Twenty years ago this week Newsweek speculated that a “40-year-old single woman was ‘more likely to be killed by a terrorist’ than to ever marry.” In this week’s cover story, they retract the hackneyed thesis and reexamine the marriage statistics. (h/t: Broadsheet)
By Daniel McGinn
June 5, 2006 issue - When Laurie Aronson was 29, she had little patience for people who inquired why she still wasn’t married. “I’m not a little spinster who sits home Friday night and cries,” she’d say. As she passed 35, however, and one relationship after another failed to lead to the altar, she began to worry. “Things were looking pretty bleak,” she says. But then a close friend’s brother—a man she’d known for years—divorced. Slowly their friendship blossomed into romance. At 39, Aronson married him, becoming Laurie Aronson Starr and the stepmom to his three kids. Then, after five years of infertility treatment, she became pregnant with a son who’ll be 4 in July. “My parents are thrilled—it’s a relief for everyone,” says Starr, now 49. “I wish I could have found the right person earlier and had more children. But I’m ecstatic.”
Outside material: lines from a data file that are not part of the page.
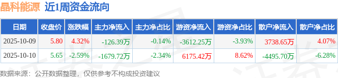 沪深股通持股方面,截止2025年10月10日收盘,晶科能源沪股通持股数为1.48亿股,占流通股比为476.0%。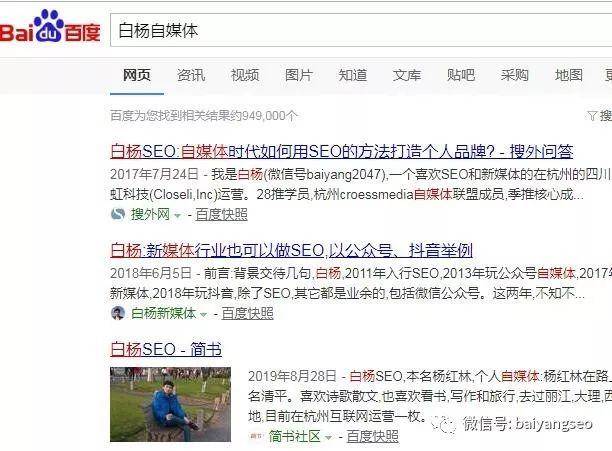 B、白杨本身擅长SEO,所以选重了百度排名较好的平台,而且还可以留下微信的简书与搜狐,后面防删把微信号去掉了。而做上去,已经一年半常年百度搜索这个词排在百度首页。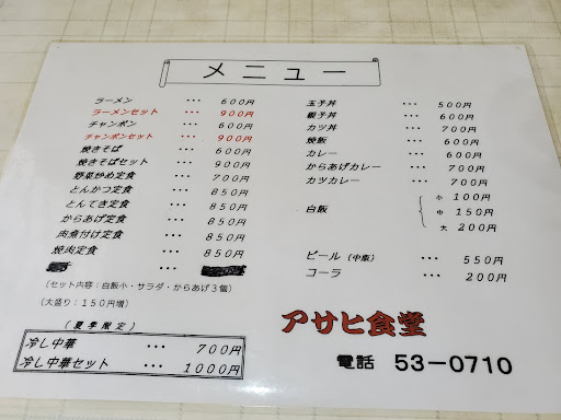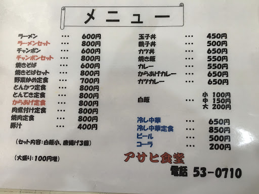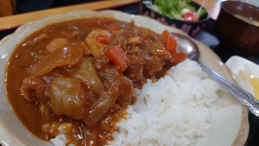 店内はこじんまりとしていながら、4人掛け座敷席3卓、4人掛けテーブル席3卓、カウンター3席です。隙間を縫って移動せねばならず、かなり密な配置になっています。 平日12時過ぎに行ったのですが、あっという間に満席。お客さんは9割が働くおじさん。役所っぽい人と作業服の人でした。 人気メニューはラーメンセット800円。ラーメンにからあげ3個と小ライスが付いています。8割がこれを注文。 今回はカツカレー650円と親子丼500円を注文。カツカレーは玉ねぎ・人参・じゃがいもがごろごろとした、家庭的なカレーでした。辛さはかなり控えめなので、お子様も大丈夫かも。親子丼はプリプリの鶏肉にもしっかり味がついており、半熟の玉子がトロットロで最高でした。どちらもサラダ・具だくさんの味噌汁・漬物が付いていました。リーズナブルですね。 とても美味しかったです。ごちそうさまでした。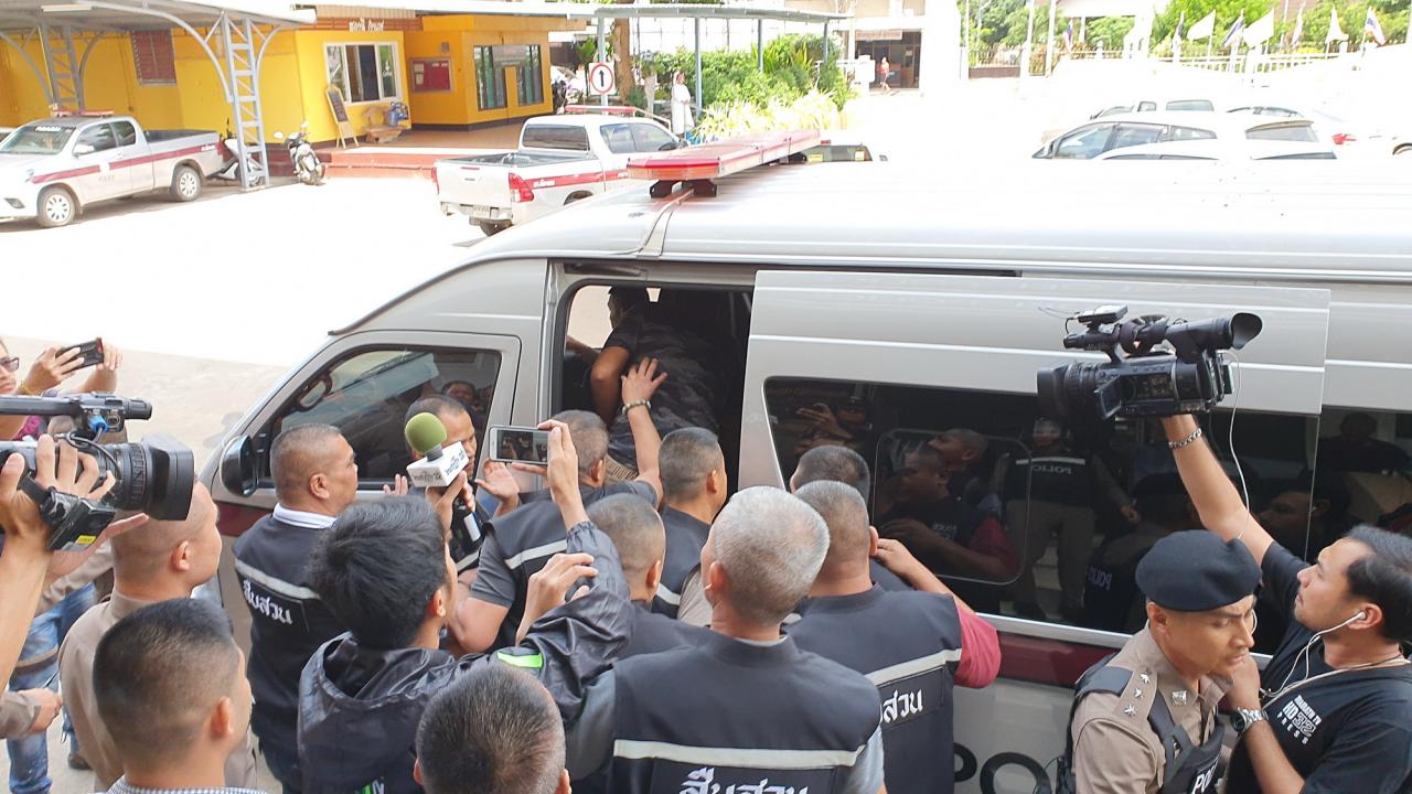 ส่วนที่หน้า สภ.เมืองเลย ญาติที่ทราบข่าวว่า ผู้ต้องหาทั้งสองคนเข้ามอบตัวได้เดินทางมากว่า 30 คน มีญาติผู้ตายกว่า 30 คน ถือป้ายด่าทอและประจานการทำงานของกรมการปกครองอำเภอเมืองเลย ว่าฆ่าคนบริสุทธิ์ ยิงทิ้ง จับใส่กุญแจมือและกระทืบซ้ำจนเสียชีวิต จนเวลาผ่านไปร่วม 2 ชม. ผกก.สภ.เมืองเลย พร้อมชุดสืบสวน ได้พาผู้ต้องหาทั้ง 2 คนมาทางบันไดหน้า สภ.เมืองเลย โดยมีรถตู้และรถกระบะของ สภ.เมืองเลย รอรับ มีตำรวจควบคุมตัวไว้นำขึ้นรถ เมื่อญาติผู้ตายเห็นพยายามเข้ารุมประชาทัณฑ์และด่าทออย่างรุนแรง ตำรวจต้องคอยดันและห้ามญาติ จนนำตัวขึ้นรถขับออกไป โดยผู้ต้องหามีสีหน้าซีดและวิตกกังวล เพื่อส่งฝากขังที่ศาลจังหวัดเลย ส่วนนายอำเภอได้หลบหนีสื่อออกทางด้านหลังขึ้นรถกระบะของกรมการปกครอง อ.เมือง ขับออกไปอย่างรวดเร็ว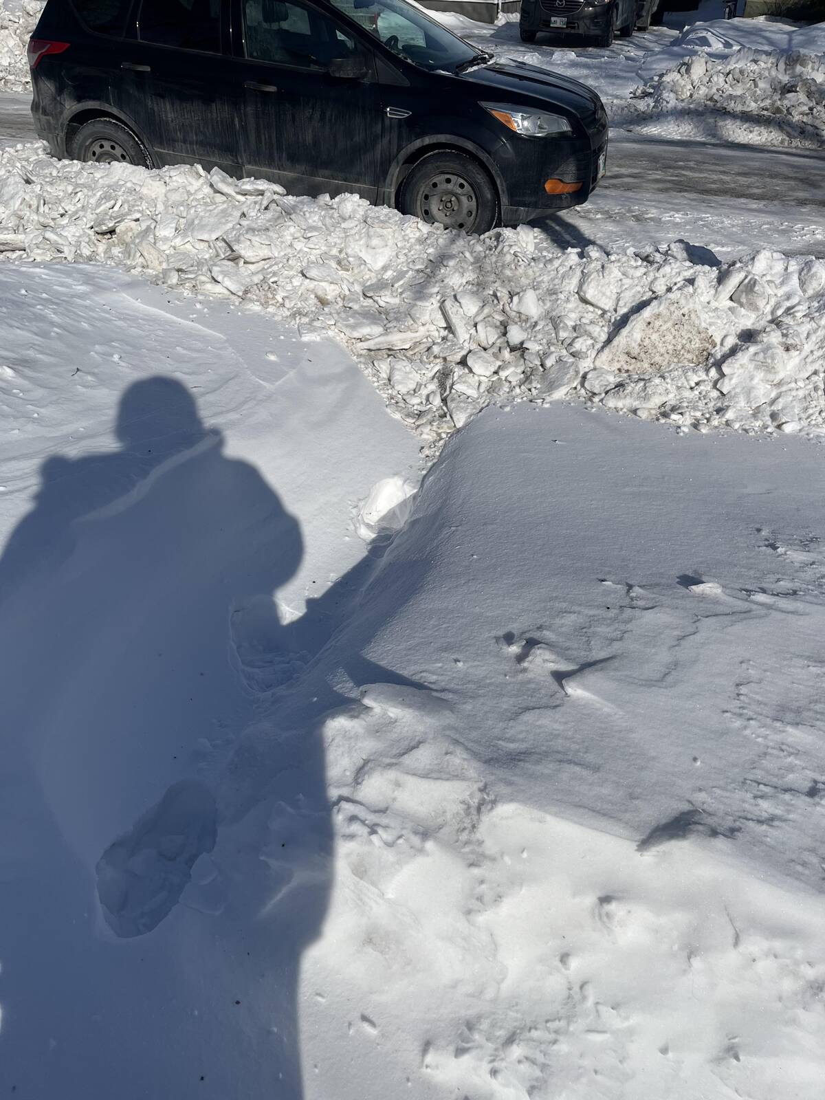The sidewalk is somewhere under that freshly plowed mountain… maybe. Why is it always the city’s idea to cover access instead of clear it? Trudging through waist-high snow—because a simple walkway just felt too basic this year.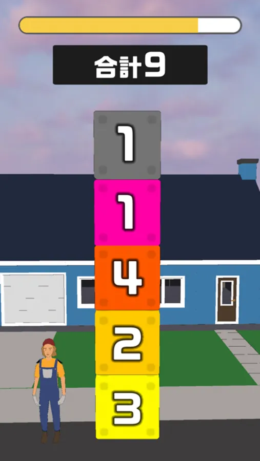 ブロックの数字の合計がお題の数になるように、いらない積み木をタップで吹き飛ばしてください。
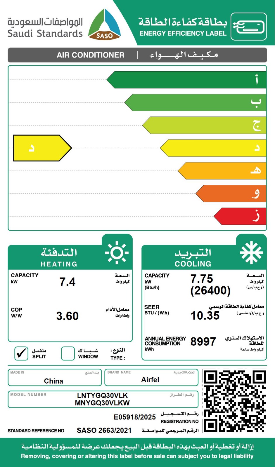 مكيف ايرفيل - سبيلت جداري - فريون - 410 عادي - واي فاي - 30 حار / بارد - LNTYGQ30VLK - MNYGQ30VLKW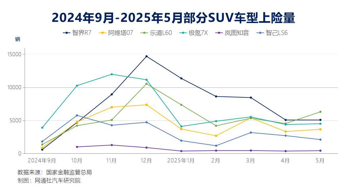 前面提到的這幾款新能源SUV,去年銷量表現(xiàn)較好的智界R7,銷量峰值接近1.5萬輛,但隨后連續(xù)幾個月環(huán)比下滑。峰值銷量同樣超過萬輛的還有樂道L60和極氪7X,月銷量分別來到了五千輛上下。 阿維塔07、智己LS6、嵐圖知音的月銷量均未能達到萬輛,尤其是嵐圖知音,今年以來的月銷量已經(jīng)跌至500輛以下。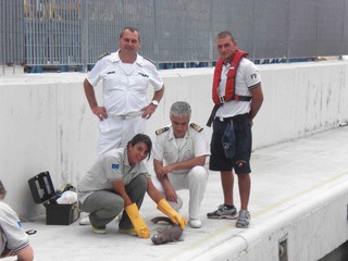 I due uomini della Capitaneria hanno fatto accorrere un gommone che ha recuperato lo squalo e lo ha portato da un biologo che appurerà se è solo stordito o in fin di vita.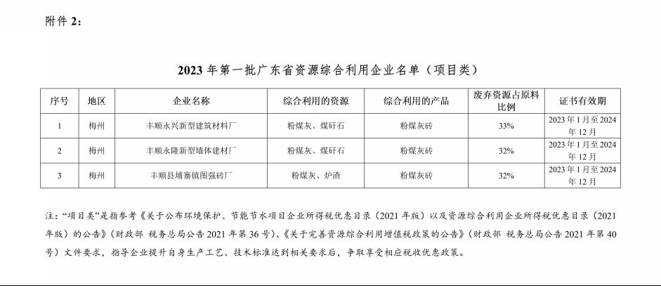 2、2023年第一批广东省资源综合利用企业名单(项目类)

As happy endings go, hers has a particularly delicious irony. Twenty years ago this week, Aronson was one of more than a dozen single women featured in a NEWSWEEK cover story. In “The Marriage Crunch,” the magazine reported on new demographic research predicting that white, college-educated women who failed to marry in their 20s faced abysmal odds of ever tying the knot. According to the research, a woman who remained single at 30 had only a 20 percent chance of ever marrying. By 35, the probability dropped to 5 percent. In the story’s most infamous line, NEWSWEEK reported that a 40-year-old single woman was “more likely to be killed by a terrorist” than to ever marry. That comparison wasn’t in the study, and even in those pre-9/11 days, it struck many people as an offensive analogy. Nonetheless, it quickly became entrenched in pop culture and is still routinely cited in TV shows and news stories.